On Wed, Sep 24, 2014 at 7:56 AM, Phillip Hallam-Baker <phill@hallambaker.com
> wrote:

> On Tue, Sep 23, 2014 at 4:27 PM, Dave Crocker <dhc@dcrocker.net> wrote:
> > On 9/23/2014 1:08 PM, Phillip Hallam-Baker wrote:
> >> I meant two secure email standards. Empirically we have two right now,
> >> S/MIME and PGP.
> >>
> >> Since I was talking about security, I thought it was obvious from the
> context.
> >
> >
> > It wasn't.
> >
> > And to be thorough, you also forgot PEM...
>
> No, I didn't because PEM (and MOSS) came first.
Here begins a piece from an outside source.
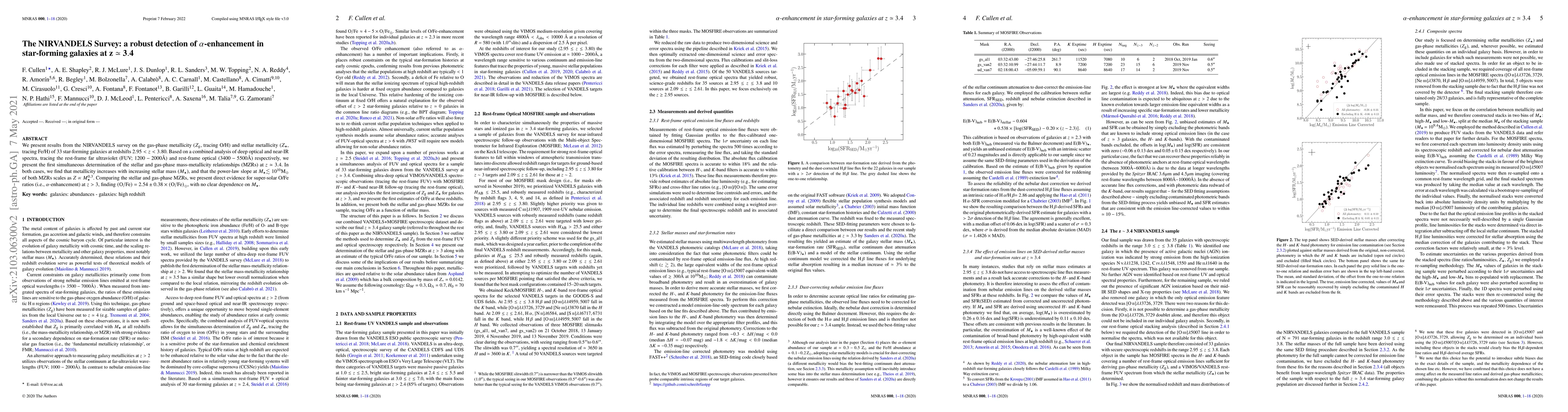 The NIRVANDELS survey reveals $\alpha$-enhancement in star-forming galaxies at $z\simeq3.4$, showing super-solar O/Fe ratios, indicating an $\alpha$-element enrichment independent of stellar mass. The study finds a consistent power-law slope for both stellar and gas-phase mass-metallicity relationships.

The original point was
> that we might have done better with a facilitator in the room with
> both groups rather than both camps removing themselves to different
> rooms and throwing rocks at each other in the hallways.
>
> PEM did do one important thing and that is it acknowledged it had failed.
>
>
> > Anyhow, sometimes we need to let competitive efforts develop and then
> > let the market choose among them.  Artificially stifling serious
> > constituenies from pursuing credible alternatives is often poor
> > engineering and worse politics.
>
> Again the point was that we might have tried other means to resolve
> the fracture rather than give up without trying.
>
>
>
> > In this case, there really was significant effort to get some amount of
> > collaboration between the two groups -- the related MIME multipart
> > constructs were designed to allow some co-habitation -- but it didn't
> > get any traction.  (One of the groups was particularly political in how
> > it managed its activities, but neither group was all that flexible.)
> >
> >
> > FWIW, it's unlikely that the competition in this case has had anything
> > to do with the poor uptake of either mechanism.
>
> The two groups think they are Harry Potter and Lord Voldemort, that
> neither can live while the other survives.
>
> In practice the continued standards deadlock is allowing both camps to
> put off accepting the fact that they have not succeeded. They are both
> clinging to existence in the mistaken belief that they will take off
> as soon as the other is out of the picture.
>
> PGP has a monopoly on mindshare, S/MIME has a monopoly on deployment.
>
>
> Its like Betamax vs VHS. If we are going to get endymail deployed we
> have to get them to move to BluRay.